We can plot the TaxiOut time and clearly see it is not a good predictor of Departure Delays.
delays %>%
ggvis(~TaxiOut, ~DepDelay) %>%
layer_points(fill := "blue", size := 10) %>%
layer_model_predictions(model = "lm", se = TRUE, stroke := "red")
Now I will check the conditional probability distribution of air speed based on departure delays.
But first I am going to narrow the delay time to a maximum of 200 minutes.
delays2 <- delays %>% filter(DepDelay < 200)
Linear Regression Model
#AirSpeed
AirSpeed.lm2 <- lm(AirSpeed ~DepDelay, data = delays2)
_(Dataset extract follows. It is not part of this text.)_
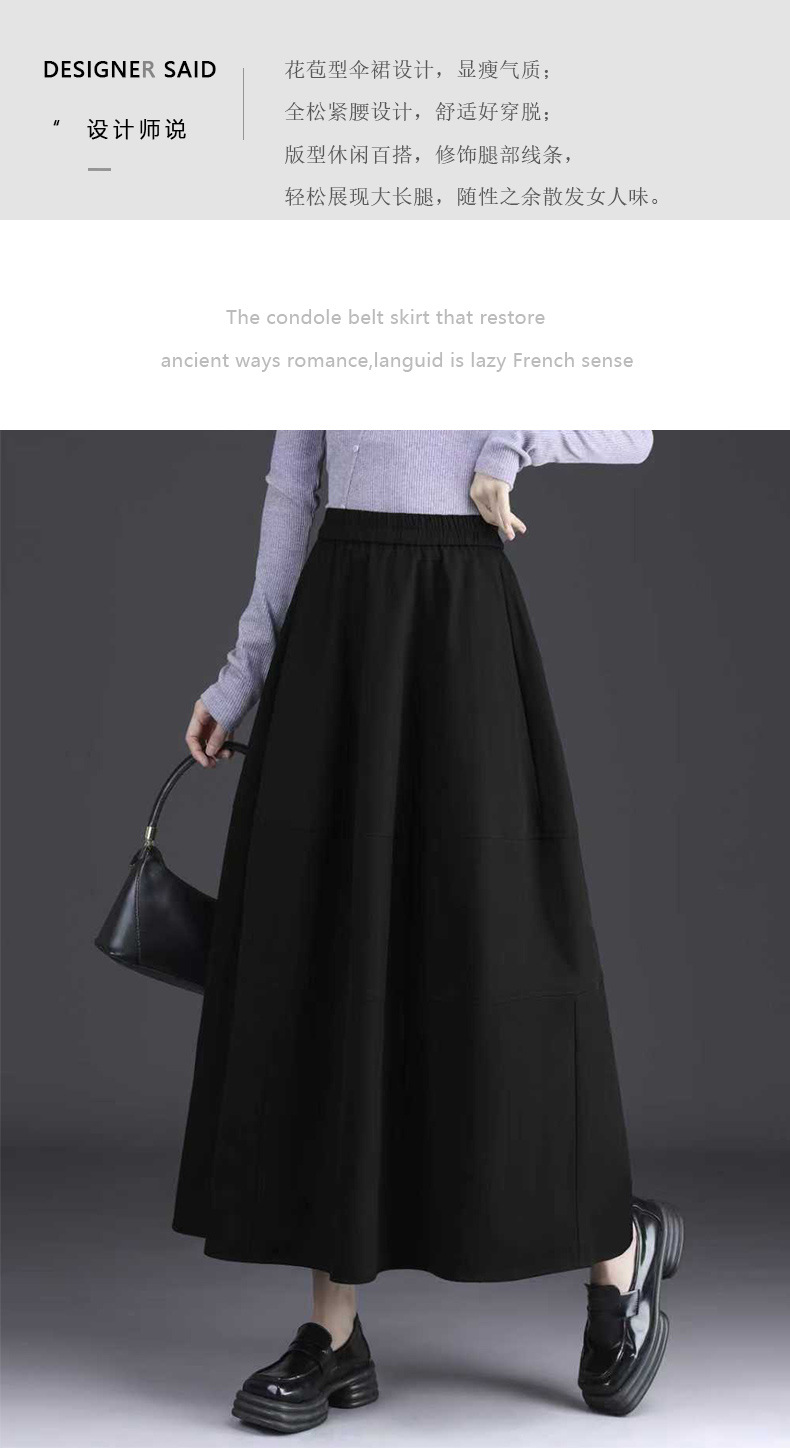 QYM 6992-Y时尚百搭高腰A字裙中长款大摆半身裙 商品图2

Create a data frame to view the results,
Predictor <- c("AirSpeed")
rSquared <- c(glance(AirSpeed.lm2)$r.squared)
pValue <- c(glance(AirSpeed.lm2)$p.value)
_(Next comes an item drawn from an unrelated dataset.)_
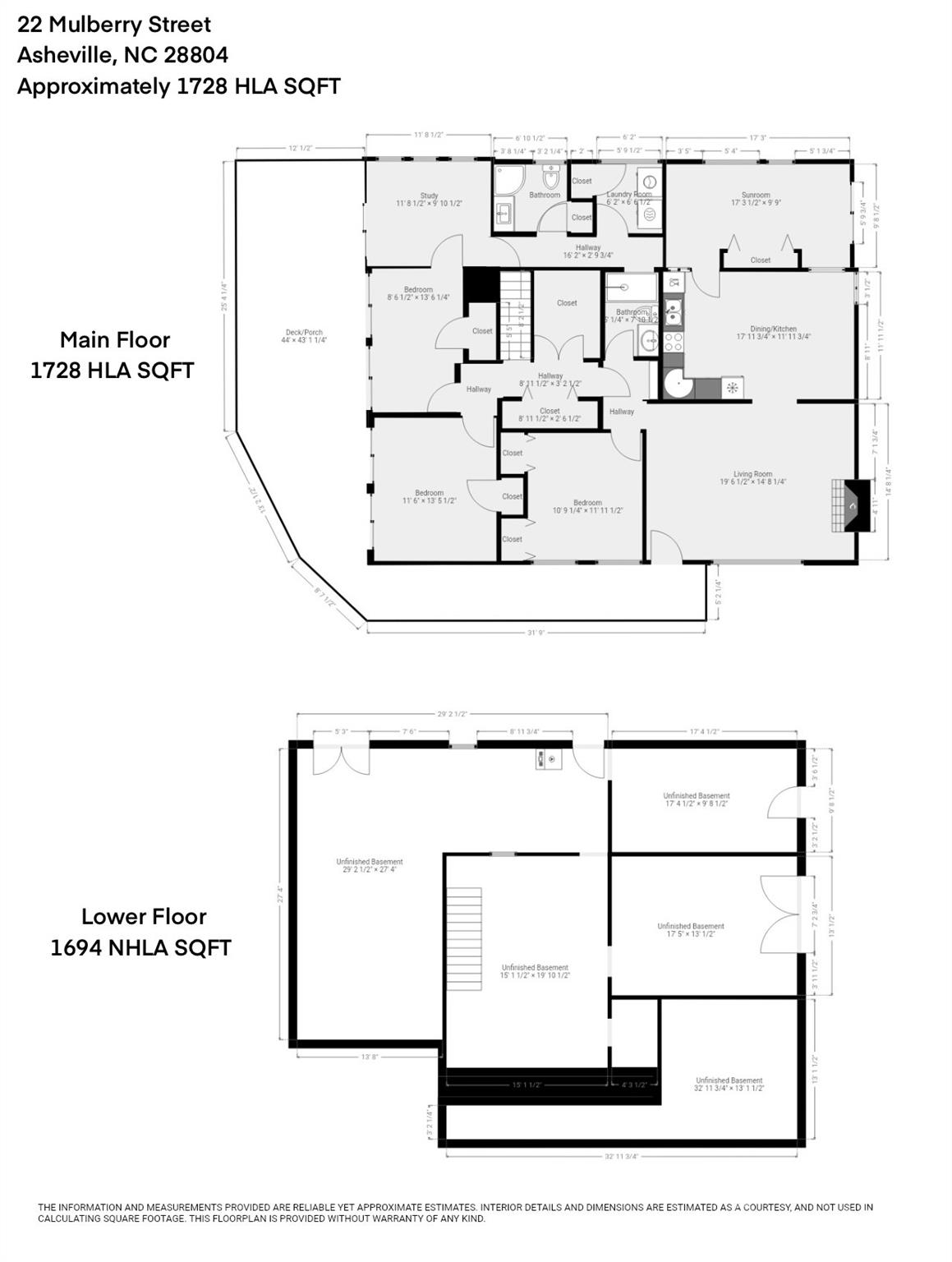 Perfect starter home or investment. Great opportunity to be in great area of Woodfin just 5 min to River Arts District and 7 Min to downtown Asheville. Great views of downtown Asheville and mountain sunrise. Enjoy this light filled one level home with view of Downtown Asheville. Home sits on .35 lot, Fully fenced for pets and play. The home has three bedrooms plus office and gorgeous sunroom with mountain views. Two renovated bathrooms. Huge closets for great storage on the main level. Tons of natural light throughout the home. The roof was replaced in 2025 and the there are two HVAC systems. This home has an open spacious living room and eat-in kitchen. Move-in ready and priced to sell! Basement has tons of room and stubs for additional bathroom potential. So much room to expand. Super convenient location. One block from the Asheville Community Yoga, short ride to the bike greenways. 3 minutes to UNCA campus. Additional lots behind home also available for additional price. Owned by the same family since it was built. Property priced to sell AS IS. 5 adjacent lots are available for purchase for $300, 000.

FitTable2 <- data.frame(Predictor, rSquared, pValue)
pandoc.table(FitTable2, style = "grid")
##
##
## +-------------+------------+----------+
## | Predictor | rSquared | pValue |
## +=============+============+==========+
## | AirSpeed | 0.001414 | 8.66e-14 |
## +-------------+------------+----------+
The R^2 Values Clearly indicate there is no goodness of fit.
We can plot the TaxiOut time and clearly see it is not a good predictor of Departure Delays.
delays2 %>%
ggvis(~DepDelay, ~AirSpeed) %>%
layer_points(fill := "blue", size := 10) %>%
layer_model_predictions(model = "lm", se = TRUE, stroke := "red")
Still not a good fit.